The file looks like this:
CustomerName,ClientID,EmailDate,EmailAddress
FNAME1,LNAME1,100,2019-01-13 00:00:00.000,FNAME1@HOTMAIL.COM
FNAME2,LNAME2,100,2019-01-13 00:00:00.000,FNAME2@GMAIL.COM
FNAME3,LNAME3,100,2019-01-13 00:00:00.000,FNAME3@AOL.COM
FNAME4,LNAME4,100,2019-01-13 00:00:00.000,FNAME40@GMAIL.COM
FNAME5,LNAME5,100,2019-01-13 00:00:00.000,FNAME5@AOL.COM
What my code looks like now:
def convert_ftp_data():
file = os.getcwd() + "/data.csv"
data = pd.read_csv(file, index_col=False)
data["first_name"] = data["CustomerName"].str.split().str[0].str.title()
data["email"] = data["EmailAddress"]
clean_data = data.drop(data[["CustomerName", "ClientID", "EmailDate", "EmailAddress"]], 1)
print(clean_data)
Using my code I get the following output:
first_name email
0 FNAME1 2019-01-13 00:00:00.000
1 FNAME1 2019-01-13 00:00:00.000
2 FNAME1 2019-01-13 00:00:00.000
3 FNAME1 2019-01-13 00:00:00.000
4 FNAME1 2019-01-13 00:00:00.000
I only need to select the FNAME and EmailAddress field.

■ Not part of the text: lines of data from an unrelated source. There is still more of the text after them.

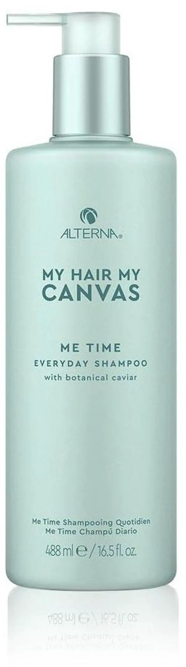 Alterna My Hair My Canvas Me Time Everyday Shampoo 16.5 Ounce 487 Milliliters hydrates, improves your overall hair appearance and smoothes the cuticle to add bounce shine and strength. Its formulated with sustainably sourced vegan botanical caviar. A gentle, shine-enhancing, vegan shampoo that provides smoothness and improves manageability. For all hair types.
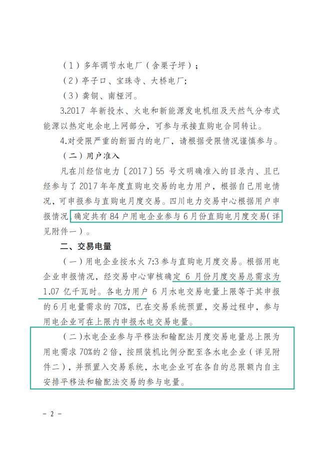 相比于5月25日發(fā)布的《關(guān)于開展2017年6月直購電月度交易的預(yù)公告》,新公告對水電企業(yè)參與平移法和輸配法月度交易電量總上限進(jìn)行了下調(diào),由用電需求的2倍變成了用電需求70%的2倍。
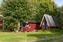 Utanför väntar en grönskande trädgård med stora träd som ger svalkande skugga och en syrenhäck som skyddar mot gatan. Här kan du njuta av frukt från två äppelträd och två plommonträd – ett med gula och ett med lila plommon. För gästerna finns en gäststuga med extra sängplatser, och det gamla utedasset har fått nytt liv som förråd. I dungen gömmer sig till och med en liten trädkoja – en plats där både stora och små kan drömma sig bort.

What would be the best way to do this?
回答1:
Why not just skip the header and set it correctly after import
data = pd.read_csv(file, index_col=False, header=None, skiprows=1)
data.columns = 'CustomerFirstName,CustomerName,ClientID,EmailDate,EmailAddress'.split(',')
回答2:
Read the headers separately
With pd.read_csv, you can utilize nrows
, skiprows
and names
parameters:
from io import StringIO
x = """CustomerName,ClientID,EmailDate,EmailAddress
FNAME1,LNAME1,100,2019-01-13 00:00:00.000,FNAME1@HOTMAIL.COM
FNAME2,LNAME2,100,2019-01-13 00:00:00.000,FNAME2@GMAIL.COM
FNAME3,LNAME3,100,2019-01-13 00:00:00.000,FNAME3@AOL.COM
FNAME4,LNAME4,100,2019-01-13 00:00:00.000,FNAME40@GMAIL.COM
FNAME5,LNAME5,100,2019-01-13 00:00:00.000,FNAME5@AOL.COM"""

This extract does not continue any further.